BERLIN dpa/afp/ap ■ Die Weltkulturorganisation Unesco sowie Ermittler von FBI und Interpol wollen den Verkauf gestohlener irakischer Kunst aus geplünderten Museen verhindern. Unesco-Generaldirektor Koïchiro Matsuura forderte den UN-Sicherheitsrat auf, eine Resolution zum Schutz der Kulturgüter zu verabschieden, und forderte eine „Polizei für das Kulturerbe“. Derweil schickten die USA FBI-Beamte in den Irak; Interpol will sobald wie möglich Spezialisten entsenden.

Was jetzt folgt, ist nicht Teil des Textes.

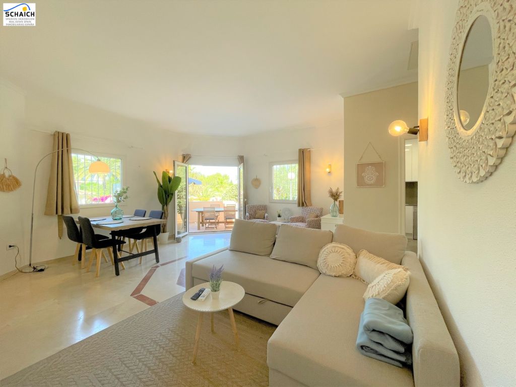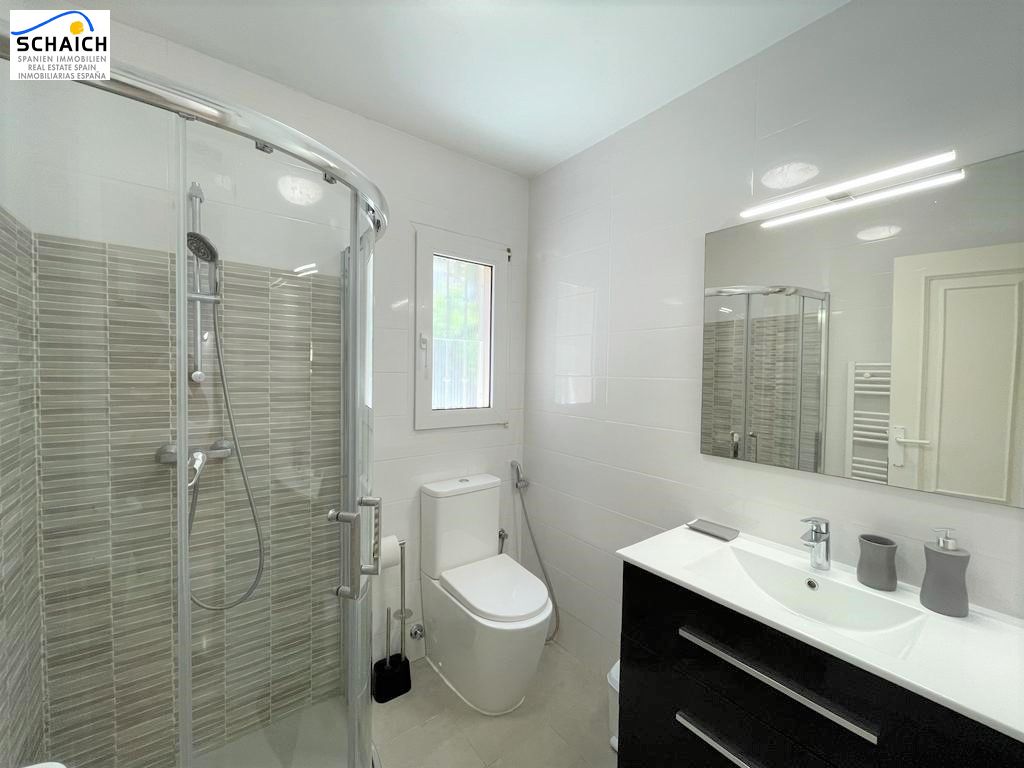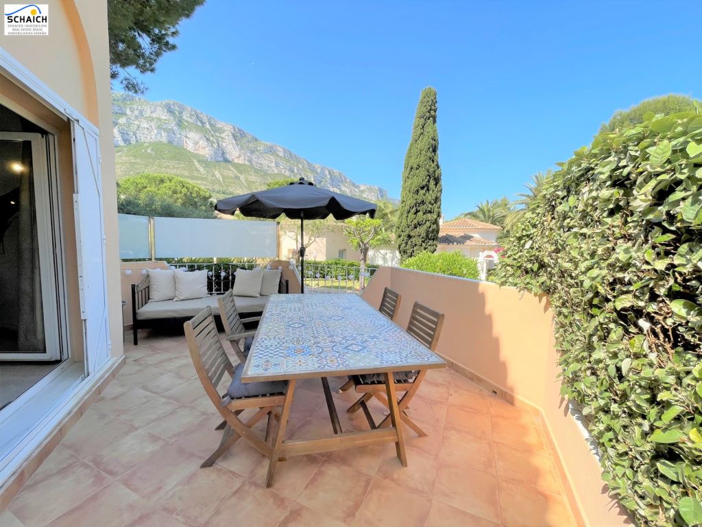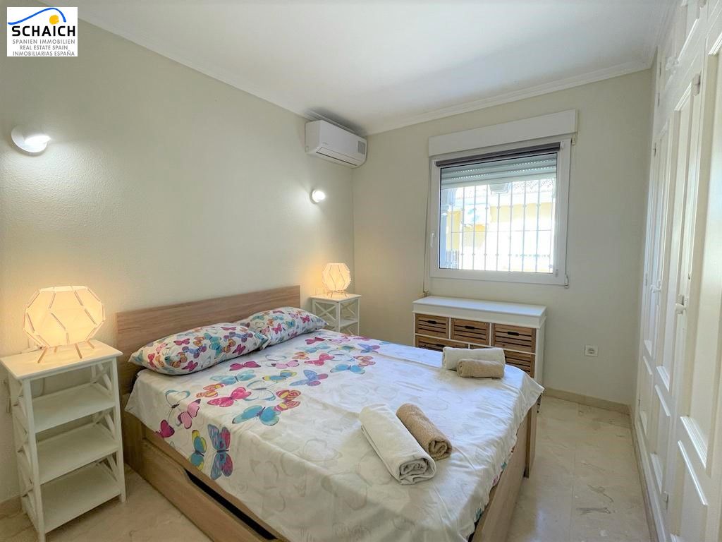 Our modern Villa Mariposa is located in the beautiful community "La Medina" in Dènia, about 2 km from the sea and the downtown. Here you can enjoy a perfect family holiday with mountain views of the nature reserve "El Montgó". The property has been renovated in 2019 and is divided on two floors. On the main floor, there is a bright and cosy living room with a (sofa) bed, as well as a dining area and direct access to the beautiful and spacious outdoor terrace. This terrace is perfect for enjoying an outdoor breakfast or for planning a barbecue evening, as it also has an electric grill. On the same main floor there is a fully equipped modern kitchen with integrated fridge and freezer, induction hob, oven, dishwasher, toaster, coffee machine and much more. The upper floor is accessed by 5 small steps and there you will find the 2 double bedrooms, one of them with bathroom en suite. Both the bedrooms and the living room have air conditioning hot/cold. It also has a desk and monitor, making it ideal for use as an office space in the living room. Plug in your laptop and you're ready to go. WIFI is available throughout the house. As if that wasn't enough, there is a wonderful and exclusive communal swimming pool with manicured lawns and beautiful palm trees. There is also a parking space with carport for your car, right next to the front door of the house.Ubicación muy agradable y tranquila en Denia, a sólo unos 2 km de la playa de arena y el centro de la ciudad. En Denia encontrará una gran selección de restaurantes, bares, calles comerciales, simplemente todo lo que su corazón de vacaciones desea... El gran centro comercial "Portal de La Marina" está a sólo 20 minutos en coche, y los conocidos campos de golf de La Sella y Oliva Nova también están a pocos minutos en coche. Los aeropuertos de Alicante y Valencia son fácilmente accesibles por autopista en una hora cada uno.Ubicación muy agradable y tranquila en Denia, a sólo unos 2 km de la playa de arena y el centro de la ciudad. En Denia encontrará una gran selección de restaurantes, bares, calles comerciales, simplemente todo lo que su corazón de vacaciones desea... El gran centro comercial "Portal de La Marina" está a sólo 20 minutos en coche, y los conocidos campos de golf de La Sella y Oliva Nova también están a pocos minutos en coche. Los aeropuertos de Alicante y Valencia son fácilmente accesibles por autopista en una hora cada uno.Tamaño de la camas: 1 de cama matrimonial 1.35m x 1.90m y 1 cama matrimonial 1.60m x 1.90mEsta propiedad está inscrita en el Registro de Turismo con el número: VT-494672-A, y está gestionada por la agencia Stella Inmo Consulting con el número de turismo EGVT-803-A.

Für den 5. und 6. Mai hat Interpol eine Konferenz am Sitz der internationalen Polizeiorganisation in Lyon einberufen. Auf dieser soll ein schnelles und effektives Vorgehen beschlossen werden. Einige der gestohlenen Kunstobjekte sind nach Unesco-Angaben in Paris aufgetaucht.

Ein Kultur-Spitzenberater von US-Präsident George Bush reichte indes unter Protest seinen Rücktritt ein. Martin Sullivan, Chef des Ausschusses für Kulturschätze, erhob schwere Vorwürfe gegen die US-Regierung: Die „Tragödie“ der Zerstörung irakischer Kunstschätze sei „wegen der Untätigkeit unseres Landes“ nicht verhindert worden.

Nachdem US-Soldaten Plünderungen großen Ausmaßes geduldet hatten, soll der FBI-Einsatz nun internationale Kritiker beschwichtigen. Die Unesco und andere Institutionen hatten nach eigenen Angaben der US-Regierung bereits im Januar detaillierte Listen mit 4.000 archäologischen Fundstätten übergeben. Auf einer Übersicht der bedeutendsten 150 Stätten stand das Irak-Museum demnach an oberster Stelle. Zu dessen Schutz hätten ein Panzer und wenige Soldaten ausgereicht, meint der Wissenschaftler Clemens Reichel von der Universität Chicago.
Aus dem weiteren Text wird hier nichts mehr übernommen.